Подельник эпохи: Леонид Леонов - страница 81



Но Сабашников в ответном письме предложил иной вариант: «Я очень признателен за приглашение Ваше в Коктебель, – написал он. – Воспользоваться сим не смогу – после неудач и аварий прошлого года в нынешнем будет не до отдыха: надо восстановить работу издательства, расширить его и дать ему размах. Но Леоновы, Таня и Лёня, загорелись желанием съездить к вам на побывку».

Леонид знал Волошина еще по Москве, ну и Танечку поэт, само собою, видел – когда выступал у Сабашниковых. К тому же Волошин пребывал еще и в некотором родстве с Сабашниковыми: в 1906 году, напомним, женился он на двоюродной племяннице Михаила Васильевича; правда, в 1925 году жил он уже с другою женщиной, Марией Заболоцкой.

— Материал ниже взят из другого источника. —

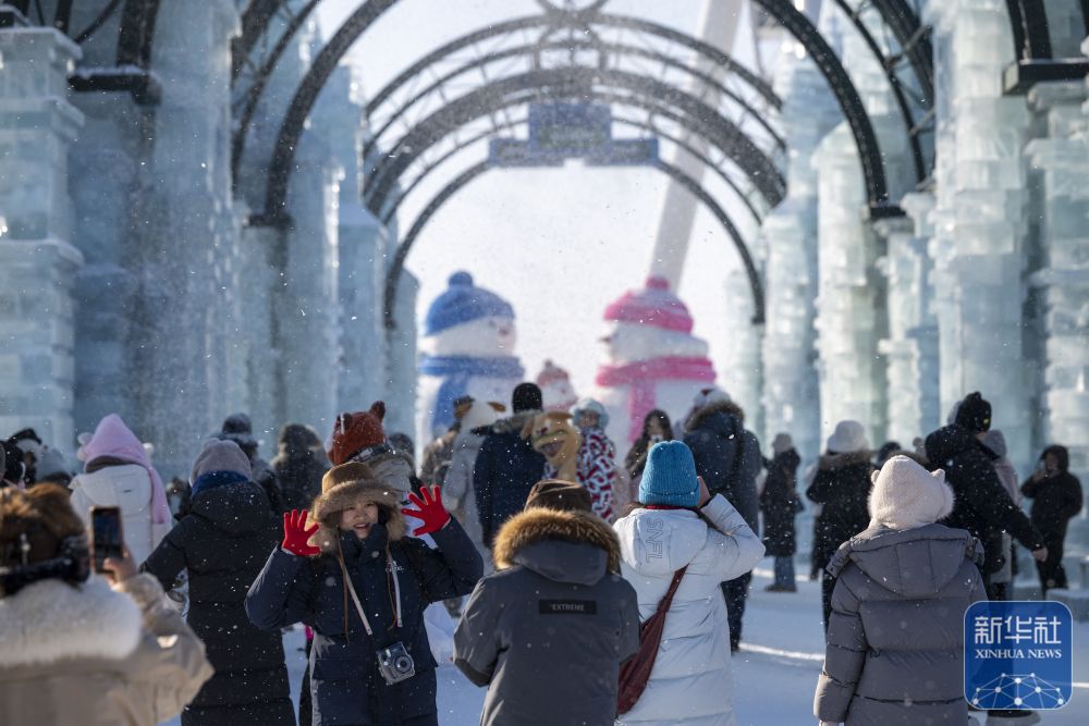 ↑ 1月2日,人们在哈尔滨冰雪大世界园区拍照。新华社记者 张涛 摄

Вместе с письмом Сабашникова и Леонов отправляет Волошину благодарное послание, где сообщает, что ему и Тане «хотелось бы использовать разрешение Ваше – если, конечно, это возможно! – с 1-го приблизительно мая до 1-го хотя бы июня».

«Я совершенно не знаю условий жизни в Крыму, ибо никогда не был там, – не знаю – удобно ли это время в смысле погоды и проч., – продолжает Леонов. – Если это время удобно для Вас, я очень прошу Вас черкнуть мне самую коротенькую записку, что-де, мол, возможно, а маршрут, мол, такой-то и такой, а захватить с собой нужно то-то и то-то и т. д.».

Волошин дал Леоновым положительный ответ, и 10 мая молодые супруги выехали в Коктебель: из Москвы прямым поездом на Феодосию и оттуда на линейке почти до места назначения.

Волошину шел сорок восьмой год; в 1925-м он праздновал тридцатилетие творческой деятельности. Впрочем, в постреволюционную литературную ситуацию встроиться ему никак не удавалось. Достаточно сказать, что по поводу его юбилея появилась лишь скромная заметка в «Известиях».

Однако сам Волошин – человек, влюбленный в жизнь, людей, искусство, – еще бодрился, еще был, как ему самому казалось, полон сил.

О волошинском Доме поэта ходили забавные слухи: будто у хозяина есть «право первой ночи» с приезжающими гостьями, будто он голый ходит с венком на голове, будто гости одеваются в «полпижамы»: одному, значит, рубашка без штанов, другому – наоборот.

Все это, конечно, оказалось сущими выдумками. Волошин вел себя более чем достойно, был замечательно вежлив со всеми гостями, хотя слухи о себе выслушивал заинтересованно: вся эта мифология ему, очевидно, нравилась.

Леоновых разместили в отдельном, вроде татарской сакли, домике. В том вновь проявилось уважительное отношение к семейству Сабашниковых, тем более что издатель еще в письме просил Волошина подобрать комнату солнечную и сухую, не на северной стороне – «у Тани слабы верхушки легких», пояснял Михаил Васильевич. Жена Сабашникова, Софья Яковлевна, отдельно сетовала Волошину: «Леонов по молодости не придает значения многому, а Таня сама не решится, может быть, спросить Вас». Просматривается в этих строчках известное отношение к Леонову: теща все ж таки.

В тот месяц в Коктебеле гостили самые разнообразные люди: историк искусства, философ, переводчик Александр Габричевский, писательница Софья Фёдорченко и ее муж Николай Ракицкий, пианистка Пазухина с двумя детьми, знакомые супруги Волошина самых разных, вовсе не творческих профессий.

Чуть позже появится поэт Георгий Шенгели с женою, несколько раз заглянет писатель Александр Грин, живший неподалеку. В общем, компания любопытная, особенно если разглядывать ее три четверти века спустя.